В промежутке между тем, как расстроился один план и составился другой, она написала следующее письмо одному из своих литературных друзей, которых она особенно ценила[187]
:«22 мая.
Я полагала, что в этот раз сама смогу привезти «Лидер» и «Атенеум», а не посылать их по почте, но все складывается иначе. Мое путешествие в Лондон опять отсрочено, и на этот раз на неопределенный срок. Причиной является состояние здоровья сэра Джеймса Кэй Шаттлворта, и это препятствие, боюсь, быстро преодолеть невозможно… И вот я снова возвращаюсь к тихому существованию в пасторском доме Хауорта, с книгами в роли компаньонов и редкими письмами вместо посетителей; это тихая компания, но не сварливая, не вульгарная и не осуждающая.
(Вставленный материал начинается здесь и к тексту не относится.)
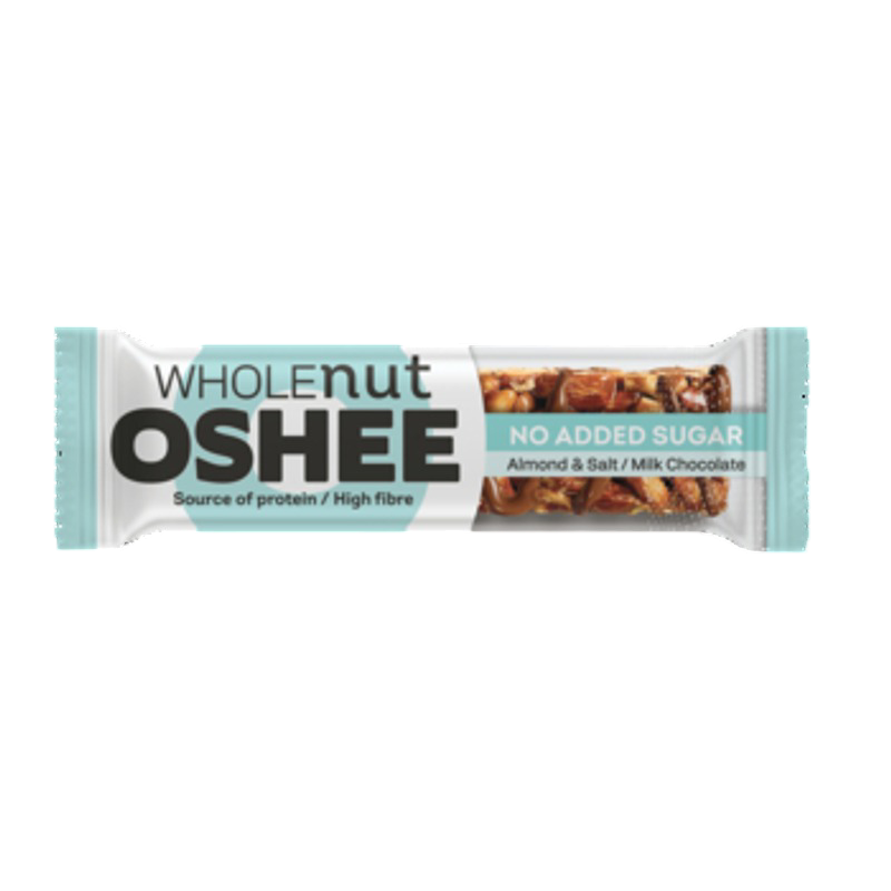 Sięgnij po moc naturalnych składników! OSHEE Wholenut to pyszny baton z migdałami i orzeszkami, oblany mleczną czekoladą z odrobiną soli, wzbogacony witaminami i magnezem. Bez dodatku cukrów, z naturalnie występującymi słodkościami – idealny jako zdrowa przekąska w ciągu dnia.
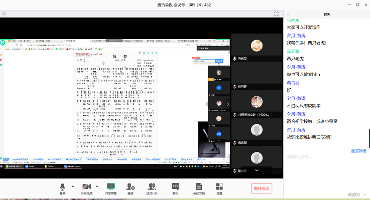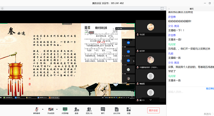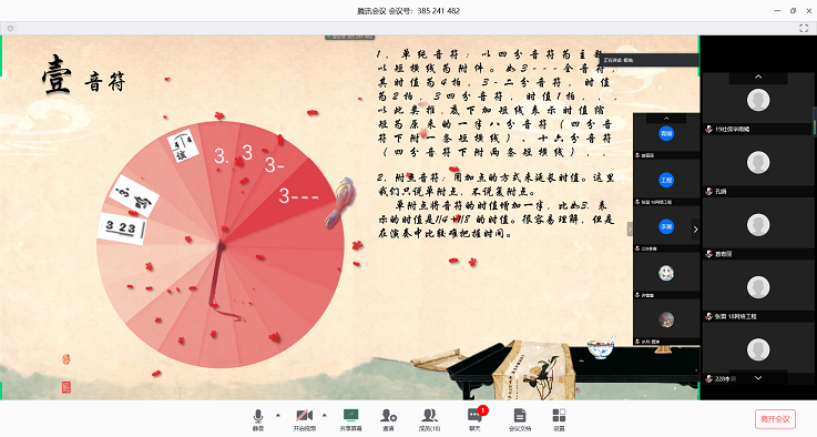 此次活动由衿易社成员马元军和杨瑞担任主讲。杨瑞介绍了民乐中关于音符的知识,详细介绍了音符的组成、音长、节拍等基本乐理内容。马元军以《烟火里的尘埃》一曲为例,讲述了节拍、曲速等知识。活动过程中,同学们在讨论区积极交流互动。最后,两位主讲人以《故梦》一曲进行了示范教学,在线上给同学们带来了一段精彩的民乐演奏,同学们纷纷表示被民乐的魅力所撼动。
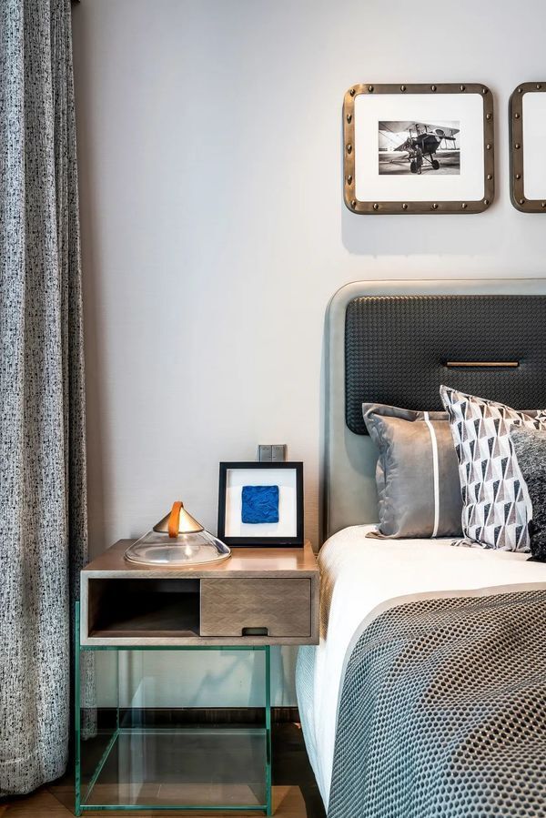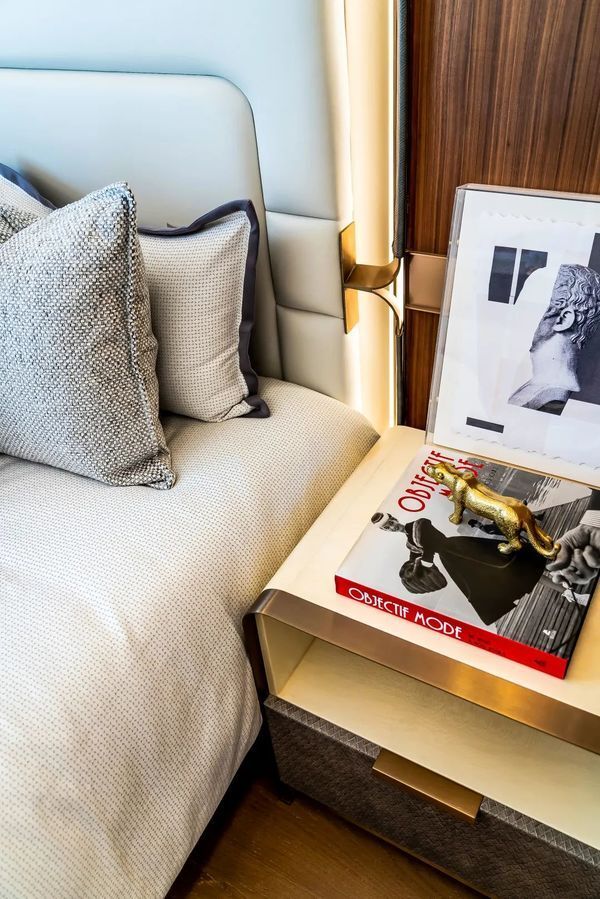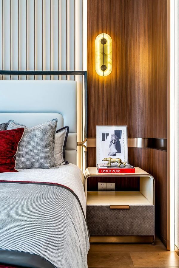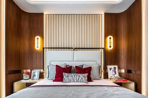 整面胡桃木搭配经典的Art Deco风格的装饰墙,使主卧空间呈现质感奢华的调性;不同材质的运用及细节装饰,为空间拓展出多元的风格谱系,闪耀但不浮夸。
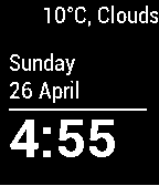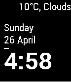 Time is a simple, modern watch face based on the Simplicity watch face. Features include: - Current weather (updated every 30 minutes). Please see my other watch faces for a Fahrenheit version. - Day of the week. - Date and Month of the year. - A Seconds line which grows each second and wraps round at 60. It indicates how many seconds you are into each minute. E.g. if its half way filled, you're 30 seconds into the minute. - Time (12h or 24h). - A battery indicator at the bottom of the screen similar to that of the seconds line. A half filled bar represents 50% battery. I hope you enjoy the watch face. If you have any comments/suggestions, feel free to email me: [email protected]
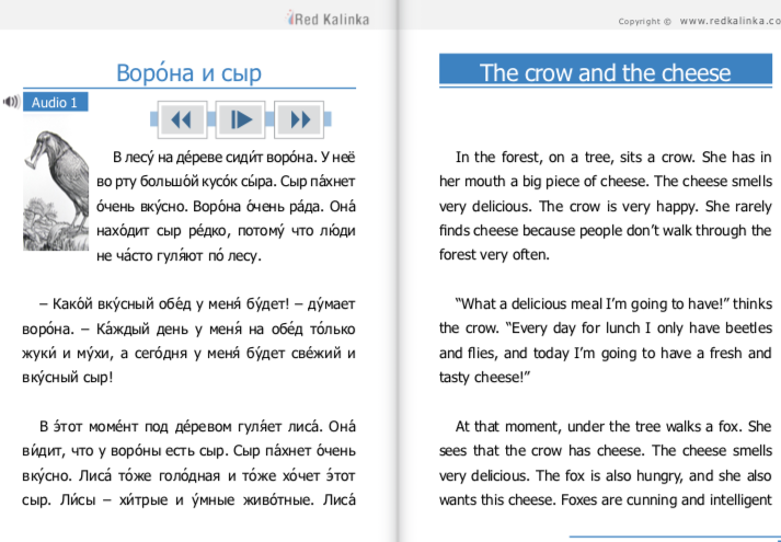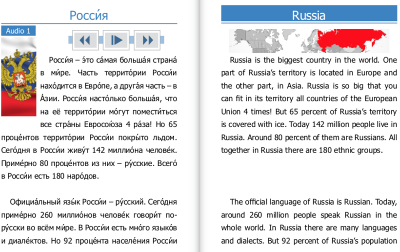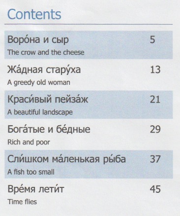 MĂȘme prĂ©sentation pour une sĂ©rie d’histoires qui apportent un intĂ©rĂȘt supplĂ©mentaire par le suspens de la lecture. Pas de vocabulaire mis en avant mais une traduction qui permet de travailler la comprĂ©hension Ă l’Ă©crit avant de passer Ă celle de l’Ă©coute. Une autre façon de travailler pour un texte beaucoup plus long oĂč l’on retrouve le plaisir de la lecture. La comparaison texte-traduction est ici un excellent moyen de comprendre et d’acquĂ©rir les tournures de la langue russe. On finit par lire naturellement du russeâŻ!
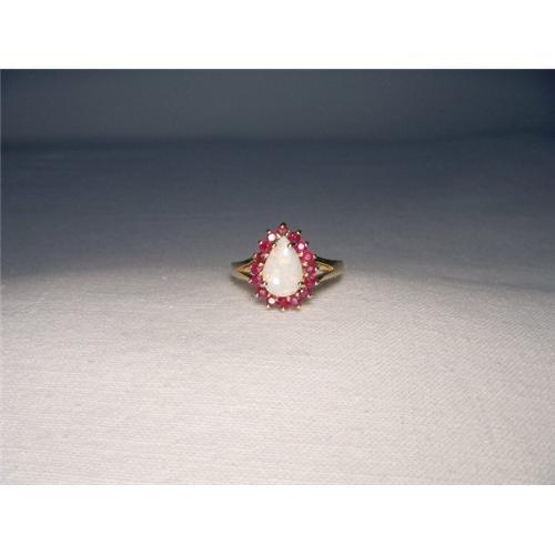 <tr><td>Title:Estate 14K YG Gold Filigree Ruby Pear Opal Ring</td></tr>
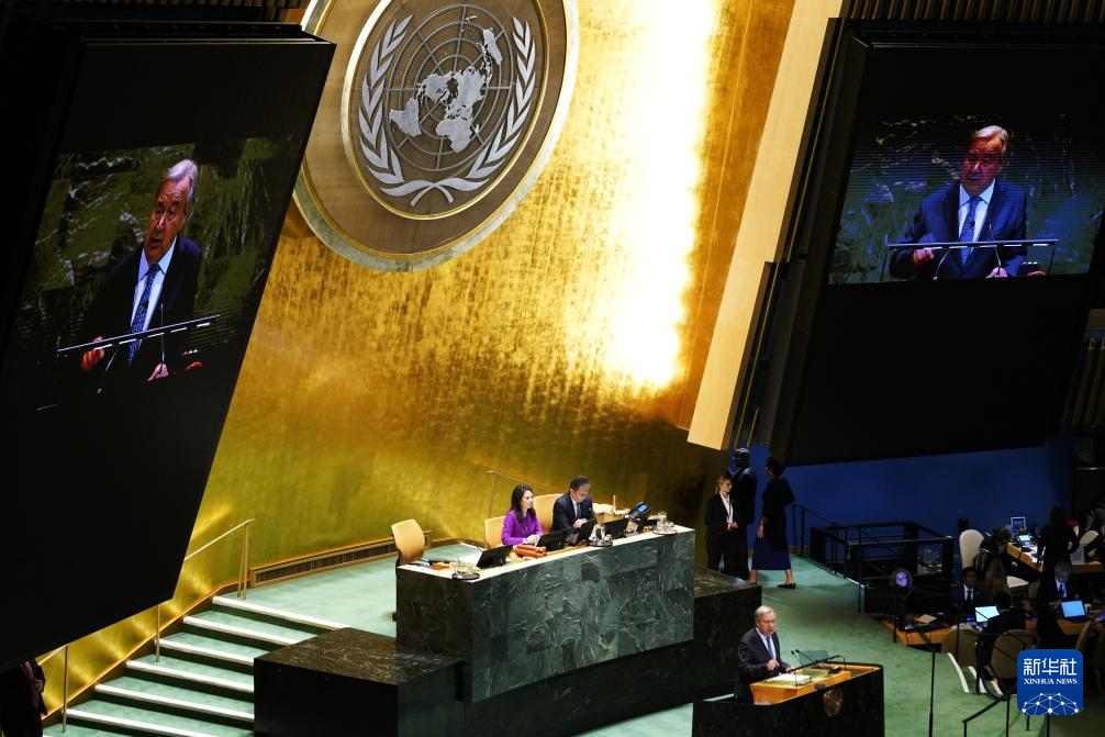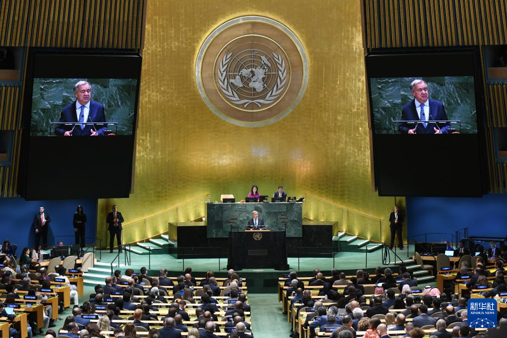 9月23日,在位于紐約的聯(lián)合國(guó)總部,聯(lián)合國(guó)秘書長(zhǎng)古特雷斯在第80屆聯(lián)合國(guó)大會(huì)一般性辯論開幕式上致辭。新華社記者李睿攝
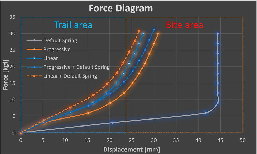 - Transition from linear to progressive behavior , adapted to the type of vehicle:

Одно из удовольствий, которые я себе обещала, состоит в том, чтобы задать Вам несколько вопросов о «Лидере», который представляет собой интересную газету. Я хотела, помимо всего прочего, узнать у Вас настоящие имена некоторых авторов, а также о том, что пишет Льюис, кроме «Мастерской жизни». Я всегда думала, что колонка, озаглавленная «Литература», тоже его. Некоторые заметки в отделе «Открытый совет» отличаются странностью, но, мне кажется, что печатать их – справедливо и правильно. У этой газеты совершенно новая концепция, не правда ли? Я не помню, чтобы мне попадалось на глаза нечто подобное.